Relative expression of immunolocalized connexins 40 and 43 correlates with human atrial conduction properties

OBJECTIVES The aim of this study was to determine the relationship between immunolocalized gap-junctional proteins and human atrial conduction. BACKGROUND As a determinant of intercellular conductance, gap-junctional coupling is considered to influence myocardial conduction velocity. This study tested the hypothesis that the quantity of immunodetectable atrial gap-junctional proteins, connexin40 (Cx40) and connexin43 (Cx43), are related to atrial conduction velocity in humans. METHODS Epicardial mapping was performed on 16 patients undergoing cardiac surgery using an array of 56 unipolar electrodes. The conduction velocity was measured over the right atrial free wall during sinus rhythm and at a paced cycle length 500 ms. A biopsy front this region was excised for quantitative confocal immunodetection of Cx40 and Cx43. RESULTS There was no correlation between conduction velocity and Cx43 signal or total connexin signal (Cx40 + Cx43). Connexin40 signal was inversely correlated with conduction velocity (p = 0.036).
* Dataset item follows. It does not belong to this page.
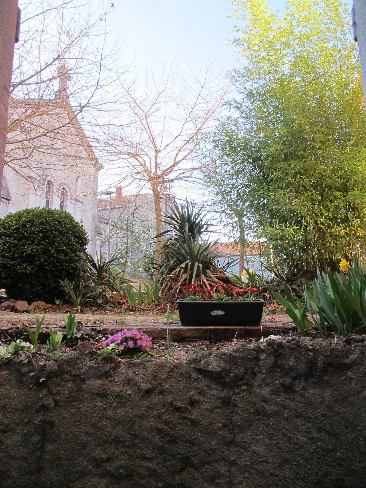 아파트형 호텔과 다인실을 함께 운영하는 마을 외곽 숙소( Appart' Hotel Des Capucins SARL)에 짐을 풀었다. 도서전 준비를 하느라 더 가벼워진 주머니 덕분에 내 자리는 호텔이 아닌 마당 한쪽에 있는 별채 4인실이었는데 이층 침대 두 개만 덜렁 놓여있는 반지하 방에도 낭만적인 구석은 있었다. 정원으로 난 창의 덧문을 열면 눈높이에 수선화와 이름 모를 작은 꽃들이 피어있는 화단이 보이고 그 나머지 공간은 푸른 하늘로 채워졌다. 마치 풀잎을 지붕 삼아 사는 작은 생물이 되어 하늘을 올려다보는 기분이었다.

However, the relative quantity of connexin immunolabeling (expressed as Cx40/[CX40+Cx43] or the inverse equivalent Cx43/[CX40+Cx43]) was strongly associated with conduction velocity during sinus rhythm, such that, as the proportion of Cx40 signal increased (and that for Cx43 decreased), the conduction velocity decreased (p < 0.005, r = -0.66). Furthermore, with paced atrial activation at 500 ms cycle length, the relative quantity of connexin labeling (Cx40/[CX40+Cx43]) correlated with the rate-related change in atrial conduction velocity (p < 0.02, r = 0.59). CONCLUSIONS In human right atrium, conduction velocity is inversely related to immunodetectable Cx40 levels. The relative level of connexins 40 and 43 signal is strongly associated with atrial conduction properties, suggesting that interactions between the two connexins may result in novel coupling properties. (J Am Coll Cardiol 2002;39:116-23) (C) 2002 by the American College of Cardiology.